The Role of Robots in the Built Industry

Nigerian private developers are pushing for the use of construction robots to build and expedite the completion of numerous housing developments to fulfil the nation’s expanding population and growing need for safe, efficient, and sustainable housing. By 2023, Nigeria’s housing deficit was down to roughly 17 million units, short of the country’s actual requirement. Therefore, incorporating cutting-edge technology like robotics into the manufacturing cycle is necessary to close the housing gap and increase the bar for output.

Given that a single robot can do a task that would take 10 workers an hour to complete, construction robots have the potential to significantly lower labour costs and increase the number of dwellings available to inhabitants.

Numerous activities, such as finding solid things, mixing cement and sand, moving construction tools, and installing massive machinery and equipment, such as laying tiles and blocks, can be programmed into the robots.

There have always been robotic construction workers around the globe.
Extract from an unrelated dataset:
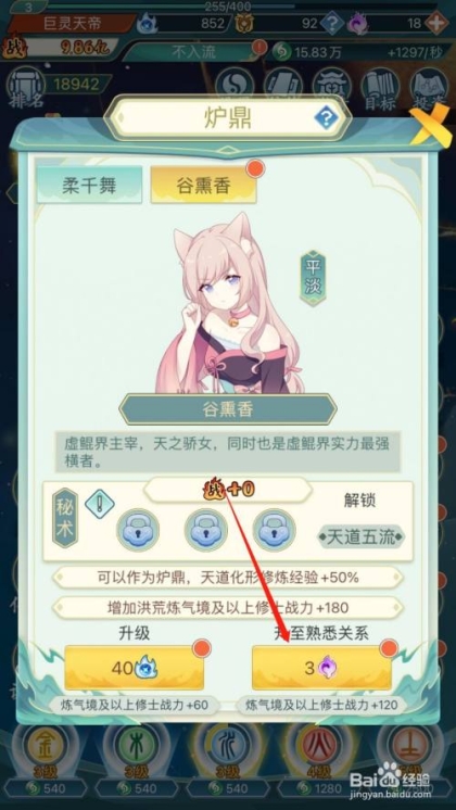 在“炉鼎”界面中,点击下方的“升级关系”按钮。

Sekissui Heim, a Japanese business, has conducted tests on robotic construction houses. The test also showed how much could be accomplished using robots, precisely, and over a long period with little to no technical problems. Robots with arms have been developed for many years by a Japanese construction company called Shimizu Corp. These robots are used to hoist large reinforcements on construction sites.
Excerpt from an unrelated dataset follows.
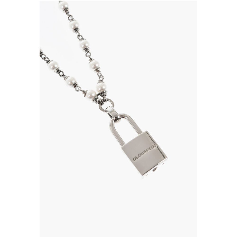 Dsquared² Metal LOCK YOURSELF Necklace with Lock-Shaped Pendant
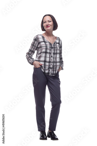 attractive mature woman in trousers and plaid shirt .

It makes sense to use robots to build large, heavy-duty buildings in light of the recent and ongoing building collapses in Nigeria, especially in Lagos State, as well as the lack of skilled labourers and low labour costs. Robots of this type should be similar to those used by the Japanese company Shimizu Corp., whose construction methods are more effective and efficient in the twenty-first century.

A lot of arguments are bound to come up in this respect in the coming days if at all the government gives the use of construction robots a thought. Most of the arguments are more likely to hover around the following:

  1. The engagement of robotics will certainly reduce the number of human labour at building sites which could triple the unemployment rates in the country.
  2. High cost of building construction due to the hiring of professionals from around the world and training of existing personnel to efficiently control, service and activate the robots to perform assigned duties.
  3. High cost of procuring construction robots, freight/clearing and transporting them to Nigeria from around the world.
  4. There is the possibility of increased borrowings by the government from the World Bank and other countries which will be a burden to taxpayers.
  5. The purchase of these robots could influence the naira-to-dollar exchange rate since the robots are bought in dollars or other hard foreign currencies.

Despite the disadvantages, there are still some merits that Nigeria would enjoy if the innovation is professionally handled and managed;

  1. A rapid increase in the housing supply
  2. Construction of solid and lasting housing units
  3. Intensive buildings on several flows.
  4. Enforcement of building standards
  5. Proper monitoring and organized development process.
  6. Confidence in the structural stability of buildings developed.